As such, we have invested in, and currently partner with, Shared Safety, a citywide collaborative to address the systemic causes of sexual and domestic violence. In addition, we understand that to help prevent and end sexual violence, we must improve the economic status of women and girls and close the women’s wealth gap. WOMEN’S WAY is doing this through the Women’s Economic Security Initiative (WESI), whose mission is that all women will attain economic well-being for themselves and their families in the Philadelphia region.
With the understanding that no one organization or sector alone can solve this deep-rooted issue, WESI brings together government, nonprofits, philanthropy, business, and women with the lived experience of economic insecurity around a common agenda and aligned activities. Since its launch in October 2017, we have convened over 120 individuals from 88 organizations.
Central to this work is changing the public narrative on the root causes of economic insecurity that are grounded in racist and sexist governmental and institutional policies and practices implemented over the course of our country’s history. Through the #MeToo Movement, we have witnessed the power of a collective and unified voice that speaks the truth. WOMEN’S WAY and its partners will coordinate and raise our voices to build on this dynamic and powerful narrative and advance the movement to end sexual violence in one generation.

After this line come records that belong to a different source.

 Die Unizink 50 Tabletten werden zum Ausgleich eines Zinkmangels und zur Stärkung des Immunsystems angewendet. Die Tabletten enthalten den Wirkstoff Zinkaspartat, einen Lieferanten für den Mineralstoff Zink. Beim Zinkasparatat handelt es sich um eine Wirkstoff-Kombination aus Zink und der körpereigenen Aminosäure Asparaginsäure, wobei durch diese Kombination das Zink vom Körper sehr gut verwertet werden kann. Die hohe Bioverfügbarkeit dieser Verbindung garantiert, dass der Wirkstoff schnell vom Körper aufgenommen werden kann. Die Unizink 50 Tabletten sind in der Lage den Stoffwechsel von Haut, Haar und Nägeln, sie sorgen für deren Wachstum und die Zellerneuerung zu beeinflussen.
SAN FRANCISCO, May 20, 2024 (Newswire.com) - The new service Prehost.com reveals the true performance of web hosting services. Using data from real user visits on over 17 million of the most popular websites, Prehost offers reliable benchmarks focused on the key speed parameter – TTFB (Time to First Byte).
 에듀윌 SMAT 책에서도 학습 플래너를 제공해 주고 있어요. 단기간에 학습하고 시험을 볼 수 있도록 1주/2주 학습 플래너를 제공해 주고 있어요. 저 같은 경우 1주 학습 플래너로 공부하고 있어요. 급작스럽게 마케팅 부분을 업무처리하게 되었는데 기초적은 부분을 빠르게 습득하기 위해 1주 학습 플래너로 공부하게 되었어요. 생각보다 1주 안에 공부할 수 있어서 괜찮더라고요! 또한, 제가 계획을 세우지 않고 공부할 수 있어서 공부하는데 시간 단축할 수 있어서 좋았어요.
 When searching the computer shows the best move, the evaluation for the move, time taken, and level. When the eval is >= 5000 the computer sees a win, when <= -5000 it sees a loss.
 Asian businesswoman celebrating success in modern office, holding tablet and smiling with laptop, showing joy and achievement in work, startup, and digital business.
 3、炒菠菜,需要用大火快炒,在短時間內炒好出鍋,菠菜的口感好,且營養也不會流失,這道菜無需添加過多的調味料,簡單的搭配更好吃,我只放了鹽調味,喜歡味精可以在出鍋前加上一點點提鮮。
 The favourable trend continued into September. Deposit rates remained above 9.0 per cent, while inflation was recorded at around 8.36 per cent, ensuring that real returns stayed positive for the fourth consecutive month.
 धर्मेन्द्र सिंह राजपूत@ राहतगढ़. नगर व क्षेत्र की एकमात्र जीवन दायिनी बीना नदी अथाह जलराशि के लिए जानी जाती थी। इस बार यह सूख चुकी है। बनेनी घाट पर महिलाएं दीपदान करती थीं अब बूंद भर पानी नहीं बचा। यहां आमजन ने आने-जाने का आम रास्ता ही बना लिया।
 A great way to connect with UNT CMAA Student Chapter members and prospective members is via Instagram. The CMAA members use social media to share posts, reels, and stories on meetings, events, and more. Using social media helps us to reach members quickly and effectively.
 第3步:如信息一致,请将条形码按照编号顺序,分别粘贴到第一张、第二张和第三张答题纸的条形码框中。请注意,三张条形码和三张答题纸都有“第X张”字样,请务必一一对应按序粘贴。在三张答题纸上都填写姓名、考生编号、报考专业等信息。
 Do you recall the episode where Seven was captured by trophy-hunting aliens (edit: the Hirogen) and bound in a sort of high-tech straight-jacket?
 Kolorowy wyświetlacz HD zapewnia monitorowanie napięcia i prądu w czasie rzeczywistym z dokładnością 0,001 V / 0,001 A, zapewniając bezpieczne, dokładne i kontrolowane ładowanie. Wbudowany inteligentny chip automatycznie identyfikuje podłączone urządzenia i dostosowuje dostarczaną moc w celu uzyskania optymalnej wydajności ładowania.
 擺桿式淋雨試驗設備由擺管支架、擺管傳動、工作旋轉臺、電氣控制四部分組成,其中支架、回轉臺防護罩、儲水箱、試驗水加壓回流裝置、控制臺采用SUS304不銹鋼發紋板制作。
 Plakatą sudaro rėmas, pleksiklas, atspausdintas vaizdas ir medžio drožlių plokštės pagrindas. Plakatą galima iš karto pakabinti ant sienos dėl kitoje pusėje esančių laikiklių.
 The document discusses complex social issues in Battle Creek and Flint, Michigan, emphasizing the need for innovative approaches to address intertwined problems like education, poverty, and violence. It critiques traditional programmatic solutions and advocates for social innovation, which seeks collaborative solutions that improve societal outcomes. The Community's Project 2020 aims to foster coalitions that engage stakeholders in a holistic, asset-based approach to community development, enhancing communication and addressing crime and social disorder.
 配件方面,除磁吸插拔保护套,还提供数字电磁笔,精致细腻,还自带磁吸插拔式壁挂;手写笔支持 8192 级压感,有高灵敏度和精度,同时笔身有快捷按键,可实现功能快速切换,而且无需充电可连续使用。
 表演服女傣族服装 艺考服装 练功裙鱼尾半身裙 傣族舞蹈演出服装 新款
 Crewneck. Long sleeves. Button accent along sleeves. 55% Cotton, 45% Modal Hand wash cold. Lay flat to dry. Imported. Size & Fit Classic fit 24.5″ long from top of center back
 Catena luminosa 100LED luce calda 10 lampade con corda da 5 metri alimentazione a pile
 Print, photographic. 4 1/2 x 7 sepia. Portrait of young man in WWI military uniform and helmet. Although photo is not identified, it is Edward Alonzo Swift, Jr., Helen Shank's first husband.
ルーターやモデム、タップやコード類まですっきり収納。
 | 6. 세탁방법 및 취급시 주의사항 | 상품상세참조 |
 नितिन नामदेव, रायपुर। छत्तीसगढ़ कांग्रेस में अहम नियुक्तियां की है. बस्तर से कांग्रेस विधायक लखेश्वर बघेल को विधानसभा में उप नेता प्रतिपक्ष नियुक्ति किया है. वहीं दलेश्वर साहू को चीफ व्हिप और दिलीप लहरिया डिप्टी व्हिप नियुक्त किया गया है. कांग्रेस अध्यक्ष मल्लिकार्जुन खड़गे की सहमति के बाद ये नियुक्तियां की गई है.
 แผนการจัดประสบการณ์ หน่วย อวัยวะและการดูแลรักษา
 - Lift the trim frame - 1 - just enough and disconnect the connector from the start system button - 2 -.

What other topics do we need to talk about to end sexual violence in one generation?
Sexual violence and intimate partner violence are deeply linked to gender inequality. Men not only have greater physical power, they are more psychologically aggressive and have more economic power due to a deep gender income and wealth gap that exists across our country. Rigid social gender norms—socially constructed ideals, scripts and expectations for how to be a woman or a man—drive both the gender income and wealth gap and the pervasive prevalence of sexual violence between men and women. We begin learning these rules from birth practically everywhere: family, schools, religious institutions, courts and, of course, the media.
According to Riki Wilchins, author of Gender Norms & Intersectionality, research has shown that a stronger belief in traditional masculinity is linked to higher rates of partner violence and women who internalize traditional codes of submissive and obedient femininity may be even more accepting of partner violence. In addition, gender norms act to “push young women and girls away from economic opportunities and towards … a smaller range of jobs with lower entry barriers, less stability, and lower wages, continuing a vicious circle of inequality.” These gendered attitudes and beliefs “often show up as negative power, as absence: doors that just don’t open, choices that just aren’t made, or actions that just seem off-limits.”
If we are serious about ending and preventing sexual violence, we must engage in what Geeta Rao Gupta, a leading expert in gender, calls, “gender transformative” work. This entails highlighting, challenging and changing rigid masculine and feminine belief systems that are harming women, girls, men and boys.
The World Bank CARE, PEPFAR, UNAIDS, USAID and the World Health Organization (WHO) are investing millions of dollars in “gender transformative” approaches to advance the health, safety and economic status of women and girls across the world. In the United States, philanthropic attention to this type of work has largely yet to engage. If we want to end sexual violence in one generation, then it is time for the philanthropic sector to join the movement to end sexual violence and invest in gender transformative work until all women and girls are free from violence. Ending sexual violence in one generation requires all of us to work together towards this common goal.